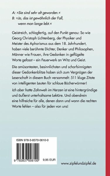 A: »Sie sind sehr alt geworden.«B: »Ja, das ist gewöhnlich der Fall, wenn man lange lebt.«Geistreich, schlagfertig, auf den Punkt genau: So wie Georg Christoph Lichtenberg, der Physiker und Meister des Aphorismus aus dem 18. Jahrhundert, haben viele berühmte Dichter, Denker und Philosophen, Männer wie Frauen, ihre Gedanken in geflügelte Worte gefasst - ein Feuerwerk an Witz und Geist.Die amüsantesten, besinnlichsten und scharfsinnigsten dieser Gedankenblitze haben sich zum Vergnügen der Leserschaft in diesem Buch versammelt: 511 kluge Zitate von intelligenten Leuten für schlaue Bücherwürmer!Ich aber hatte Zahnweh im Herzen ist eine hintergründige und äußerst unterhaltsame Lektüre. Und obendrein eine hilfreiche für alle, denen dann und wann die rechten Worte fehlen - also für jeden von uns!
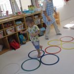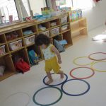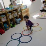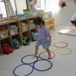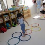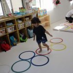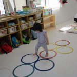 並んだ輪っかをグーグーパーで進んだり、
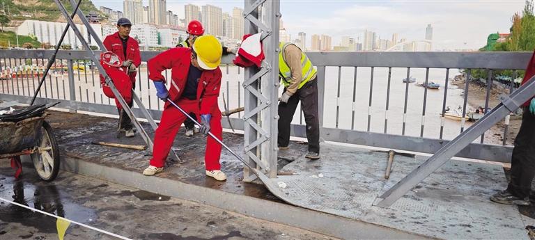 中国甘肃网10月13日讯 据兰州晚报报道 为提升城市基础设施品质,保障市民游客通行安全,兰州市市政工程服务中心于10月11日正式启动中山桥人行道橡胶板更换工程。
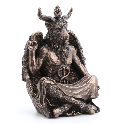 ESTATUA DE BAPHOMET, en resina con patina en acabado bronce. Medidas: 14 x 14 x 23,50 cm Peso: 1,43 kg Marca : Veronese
+++
In full and without error, repeat the listing above, omitting its images.

Solution to the problem:
 A: »Sie sind sehr alt geworden.«B: »Ja, das ist gewöhnlich der Fall, wenn man lange lebt.«Geistreich, schlagfertig, auf den Punkt genau: So wie Georg Christoph Lichtenberg, der Physiker und Meister des Aphorismus aus dem 18. Jahrhundert, haben viele berühmte Dichter, Denker und Philosophen, Männer wie Frauen, ihre Gedanken in geflügelte Worte gefasst - ein Feuerwerk an Witz und Geist.Die amüsantesten, besinnlichsten und scharfsinnigsten dieser Gedankenblitze haben sich zum Vergnügen der Leserschaft in diesem Buch versammelt: 511 kluge Zitate von intelligenten Leuten für schlaue Bücherwürmer!Ich aber hatte Zahnweh im Herzen ist eine hintergründige und äußerst unterhaltsame Lektüre. Und obendrein eine hilfreiche für alle, denen dann und wann die rechten Worte fehlen - also für jeden von uns!
 並んだ輪っかをグーグーパーで進んだり、
 中国甘肃网10月13日讯 据兰州晚报报道 为提升城市基础设施品质,保障市民游客通行安全,兰州市市政工程服务中心于10月11日正式启动中山桥人行道橡胶板更换工程。
 ESTATUA DE BAPHOMET, en resina con patina en acabado bronce. Medidas: 14 x 14 x 23,50 cm Peso: 1,43 kg Marca : Veronese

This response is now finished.